The Sierra Club urged the Virginia State Corporation Commission Thursday to reject Appalachian Power’s (APCo) petition to recover $31.6 million in environmental compliance costs for its 2,900-MW John E. Amos and 1,299-MW Mountaineer coal-fired plants, saying the company should shutter them by 2028.
“The question for the commission today is whether it is reasonable and prudent to continue to invest millions of dollars into uneconomic, less competitive coal plants when all the signs, the market and the industry trends, are pointing towards retirement,” Sierra Club attorney Dori Jaffe said in her closing argument at the end of a two-day hearing Thursday (PUR-2020-00258).
“A carbon price is coming, and the company’s customers shouldn’t be left holding the bag when it does,” she added.
James Martin, regulatory case manager for APCo parent American Electric Power (NASDAQ:AEP), acknowledged, “our basic position is that carbon costs are coming. It’s just a question of when and how much.”
It was the “when and how much” that were at issue.
In his closing argument for APCo, attorney Daniel Summerlin III, of Woods Rogers, said that allowing the two coal-fired plants to stay open until 2040 would offer “maximum flexibility” for customers. Mandating their replacement by 2028 would impose a “tremendous risk” and costs on customers, he said.

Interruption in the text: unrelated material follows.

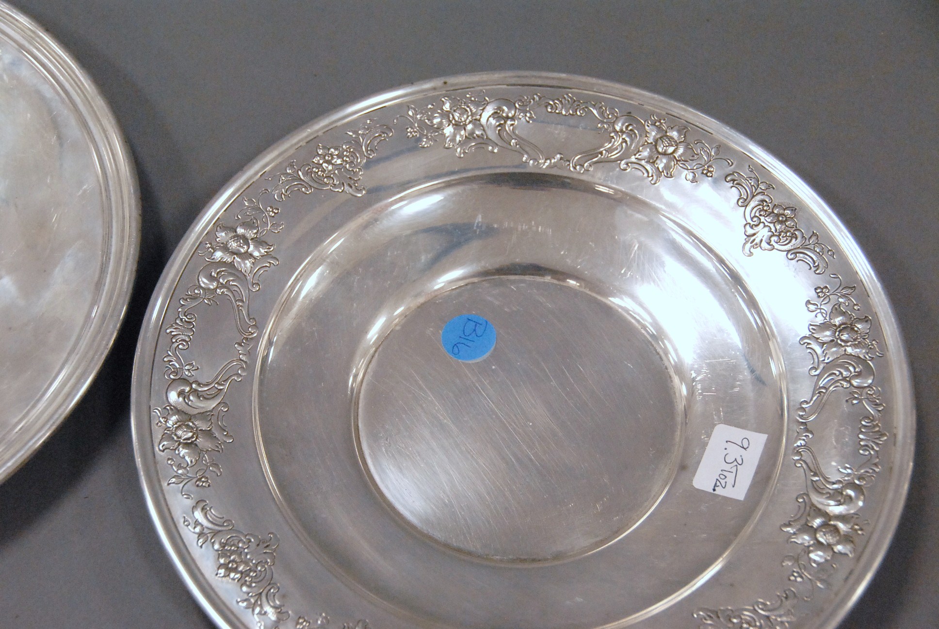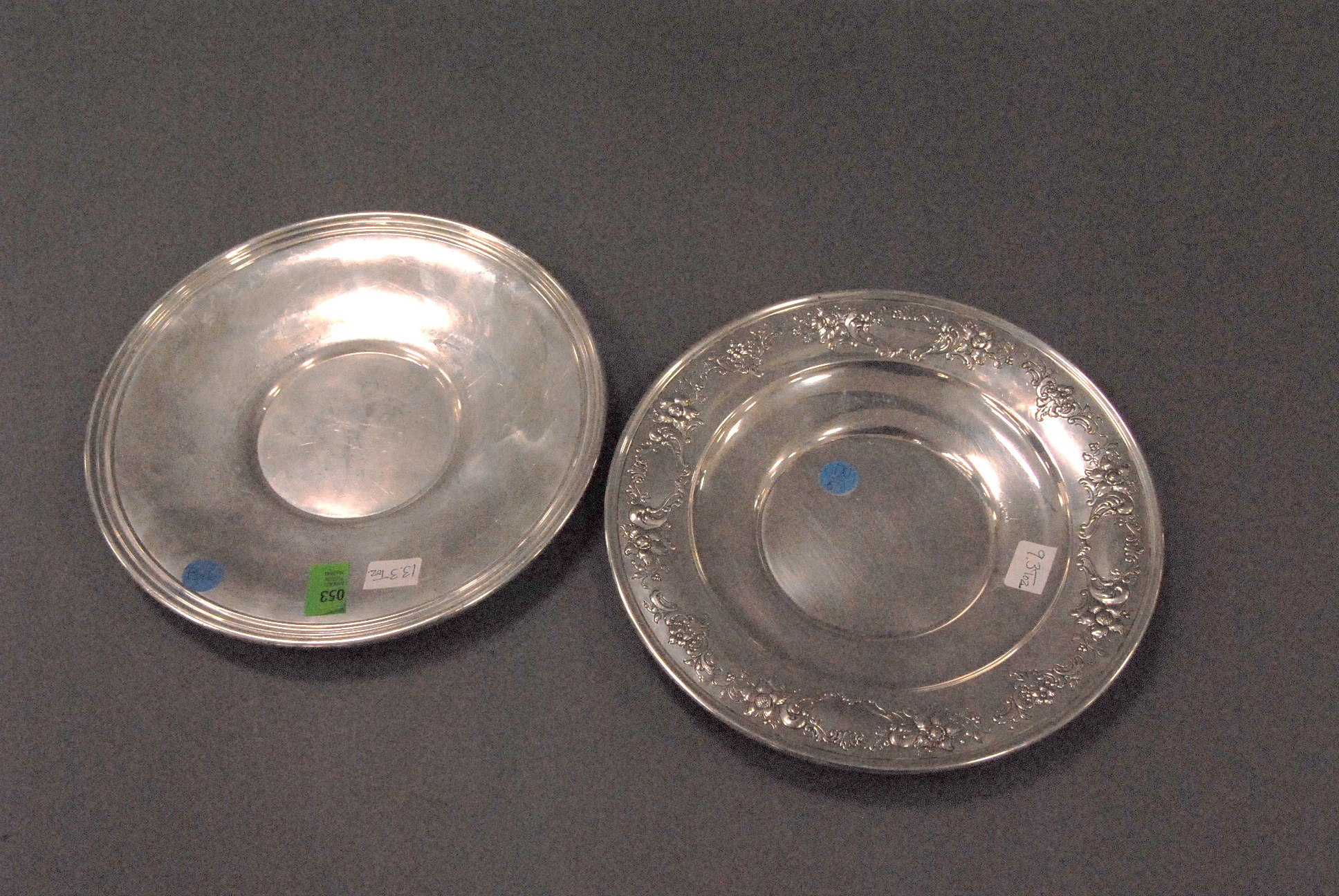 Two sterling silver round plates, 22.6 troy oz.

Testifying on behalf of the Sierra Club, Rachel Wilson, an energy policy and economics analyst with Synapse Energy Economics, said it would be uneconomic to invest in both coal combustion residuals (CCR) standards and effluent limitations guidelines (ELGs) and continue to run Amos through 2040, even assuming no price on carbon emissions by then. Investing in only CCR costs at the Amos plant and retiring it in 2028 would save ratepayers $200 million, she said. Assuming a carbon price increases ratepayer savings to $1.1 billion if the plant is replaced with a combination of renewable and battery storage resources, she said.
APCo said that denial of the CCR investments would result in the immediate shutdown of Amos and Mountaineer.

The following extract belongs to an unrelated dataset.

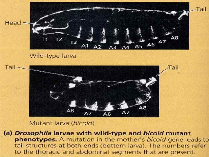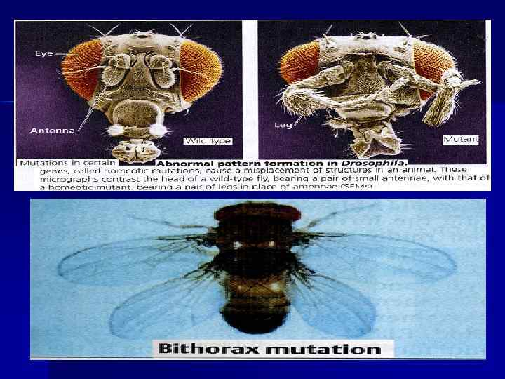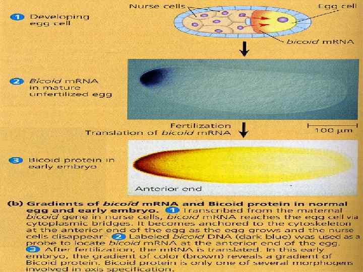 Для исследования развития использовали мутантов дрозофилы, что позволило идентифицировать контролирующие развитие гены. А. Становление осей тела Гены с материнским эффектом (гены полярности яйца ) кодируют детерминанты: • градиент и. РНК гена BICOID определяет передне-заднюю ось зародыша. • градиент BICOID белка (морфоген) активирует гены, кодирующие начало формирования головные и грудные сегменты зародыша. • в формировании вентрально-дорзальной оси участвуют градиенты материнских м. РНК и их белков, локализованные в области заднего полюса яйца.
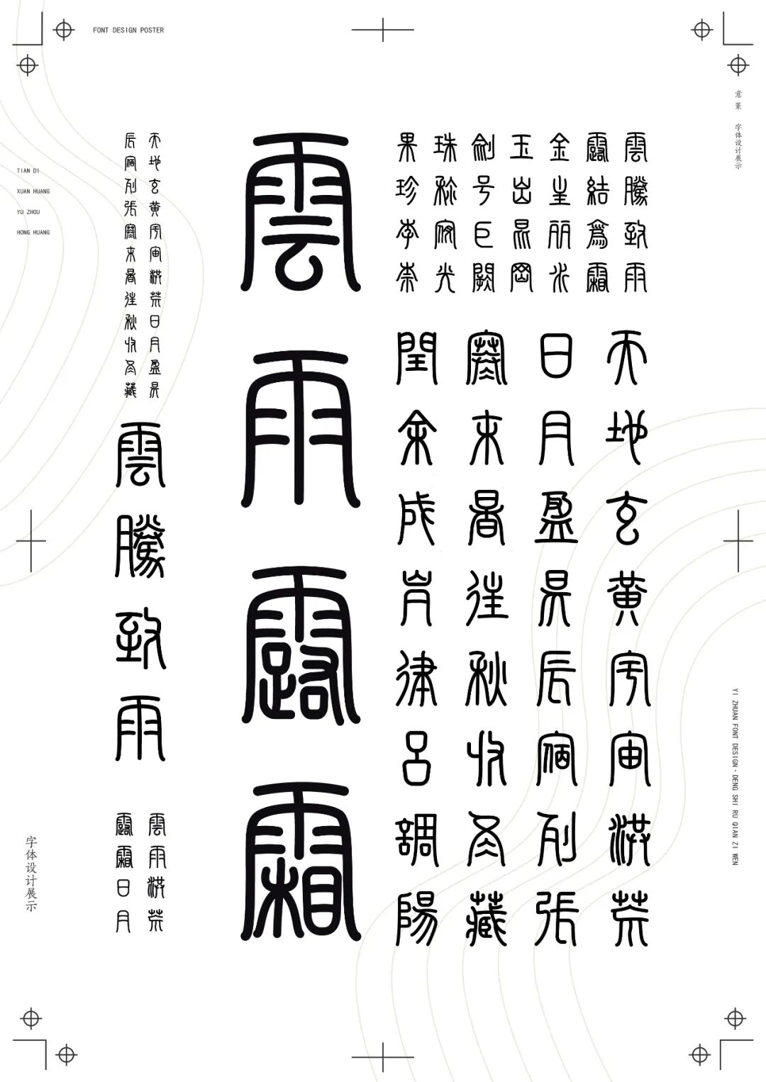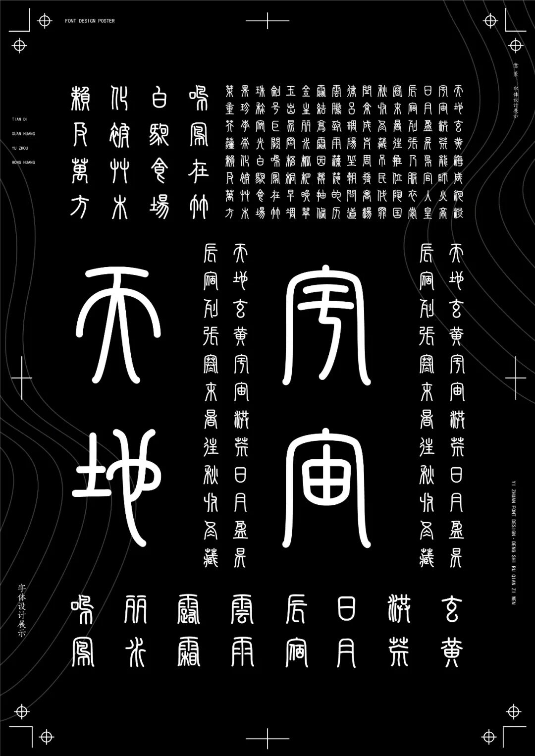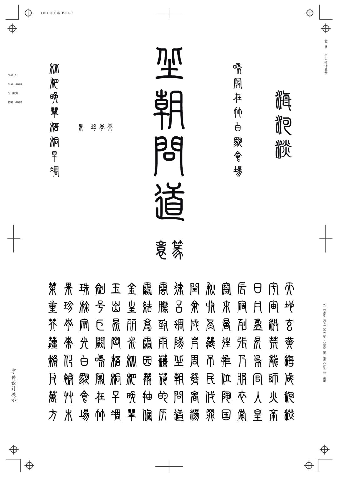 设计说明:篆书在书法创作中的意义在于传达一种原始而神秘的美,启迪人们思索一些非常本源的问题,但是对于现代人来说,小篆存在着过于繁琐及难以辨识的缺点。 意篆字体设计主要增加它的可识别性,字体笔画修长、齐整圆润,减少小篆的繁杂笔画,最大程度还原篆体的典雅美感。

Agreeing with neither side wholly were representatives of the Attorney General’s Consumer Counsel. In closing arguments, Assistant Attorney General C. Mitch Burton, Jr. said the Consumer Counsel opposes Appalachian Power’s recovering the ELG costs.
The proceedings were largely cordial in tone, though occasional dramatic statements lit up the highly technical back-and-forth, in which attorneys for both sides quizzed witnesses on their prior testimony.
D. Scott Norwood of the Attorney General’s Office accused APCo of “flagrant inconsistency” in its cost estimates in this case as compared to those in a prior docket, and said the company’s petition should not be approved. An attorney for the company tried to coax Norwood into saying it would not be “reasonable nor prudent” to close both coal-fired plants by 2028, but he demurred, saying that a detailed analysis would have to be done.
In his closing argument, Summerlin took issue with Wilson’s report for the Sierra Club. To replace Amos and Mountaineer by 2028, he said, Wilson assumes that APCo could bring online 6,300 MW of solar generation and storage. But that would require 66 square miles of acreage, Summerlin argued, or approximately the size of the Richmond metropolitan area. “Even if it were economically possible which it’s not … it’s too much, too fast,” Summerlin said.
In response to Martin’s criticism for not carrying her analysis further forward, Wilson testified Wednesday that “the savings associated with early retirement of coal plants becomes greater the longer a period is modeled.” She said the company’s own analysis shows a very slim margin between retiring the coal plants in 2028 or 2040, such that just adjusting one variable “makes the 2028 retirement the least-cost option.”
No recommendations were issued at the conclusion of proceedings. In several weeks’ time, Ann Berkebile, the senior hearing examiner for the commission, will issue a report that will serve as a recommendation to the full commission on whether to accept APCo’s petition.